CVPO for Speed-constrained MuJoCo

liuzuxin / cvpo-safe-rl

Code for "Constrained Variational Policy Optimization for Safe Reinforcement Learning" (ICML 2022)

GNU General Public License v3.0

63 stars 7 forks source link

CVPO for Speed-constrained MuJoCo #10

Closed qianlin04 closed 1 year ago

qianlin04 commented 1 year ago

CVPO is an impressive work. Have you tried applying CVPO to Speed-constrained MuJoCo environment? In Speed-constrained MuJoCo setting, the constraint is on accumulated velocity, and the threshold and accumulated cost are discounted.

mujoco

I tried running CVPO directly for Speed-constrained MuJoCo, but the results were not as expected. In particular, the return decreased during training. Additionally, even under the unlimited setting, CVPO still performed poorly. Could you provide guidance and help? Did I miss some key hyperparameters or encounter some bugs?

cvpo_mujoco

liuzuxin commented 1 year ago

Hi @dolts4444 , thank you for your interest in our work and sorry about the late reply. I was preparing a new version of CVPO implementation as well as some other safe RL baselines and did the velocity experiments in Mujoco as you mentioned, which can hopefully address your issue. I didn't try this repo on the original Mujoco tasks, and it is not a surprise for not working well, because the hyper-parameters are not optimized for that long-horizon environments.

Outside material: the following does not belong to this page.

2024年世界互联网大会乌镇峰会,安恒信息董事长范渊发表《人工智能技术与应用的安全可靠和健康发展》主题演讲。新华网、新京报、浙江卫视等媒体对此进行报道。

I tried my new version of CVPO on SafetyGymnasium velocity tasks, which I think is almost identical to the environments you are using, and the results are pretty good with the default hyper-parameters. I attached some results here:

SafetyHalfCheetahVelocityGymnasium-v1
SafetySwimmerVelocityGymnasium-v1
SafetyHopperVelocityGymnasium-v1

I haven't finished the hyperparameters tuning for all algorithms in the safety-gymnasium tasks, and once they are finished, I will upload the results.

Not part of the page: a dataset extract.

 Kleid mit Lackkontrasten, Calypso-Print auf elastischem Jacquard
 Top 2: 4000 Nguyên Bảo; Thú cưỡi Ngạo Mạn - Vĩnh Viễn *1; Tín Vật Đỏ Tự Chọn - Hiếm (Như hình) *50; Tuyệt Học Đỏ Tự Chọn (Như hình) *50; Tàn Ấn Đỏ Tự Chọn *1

Regarding the failures of CVPO in this repo, I conjecture that it is because of the poor Q estimation in these long-horizon tasks. Note that CVPO is a pure off-policy algorithm, and thus its performance is heavily dependent on the quality of both reward and cost Q estimations. If you check the Q values logs in your training, I suspect that the values may be exploded. I also found this issue in my previous experiments as well. There are many potential reasons for this: 1) the reward/cost are not normalized property, and the discounting factor is large -> bellman update can hardly converge. 2) the polyak update coefficient is not set properly and also causes the bellman update can hardly converge. 3) the replay buffer is small and the critics are overfitted to the most recent data, which may also cause exploded values. In my new repo, I use n-step returns (such as n=3) and a smaller discounting factor (such as 0.98) can mitigate this issue.

For other hyper-parameters such as the KL divergence in E-step and M-step, I found that CVPO is actually pretty robust to them, as long as they are in a suitable scale. Usually setting them to be smaller (such as E-step kl 0.005, and M-step KL 0.002) will work well for most tasks. If the training is still unstable, try to set them smaller (similar to the PPO TRPO).

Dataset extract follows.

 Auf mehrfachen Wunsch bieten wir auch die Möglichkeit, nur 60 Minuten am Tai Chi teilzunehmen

Apparently, CVPO has its limitations -- it heavily relies on good Q estimations rather than on-policy style cost estimations, and it may not scale well on high action space dimensions due to the sampling procedure for the continuous action space. I plan to summarize these hyperparameters' effects, limitations, and some potential future works in my new repo.

The new repo is here. Since you asked this question, I released this package earlier than I planned, and thus the documentations are not complete yet, but I will try to update them ASAP. Feel free to try it in your tasks. Also, please do not hesitate to contact me if you encounter any issues or have any thoughts. Thanks.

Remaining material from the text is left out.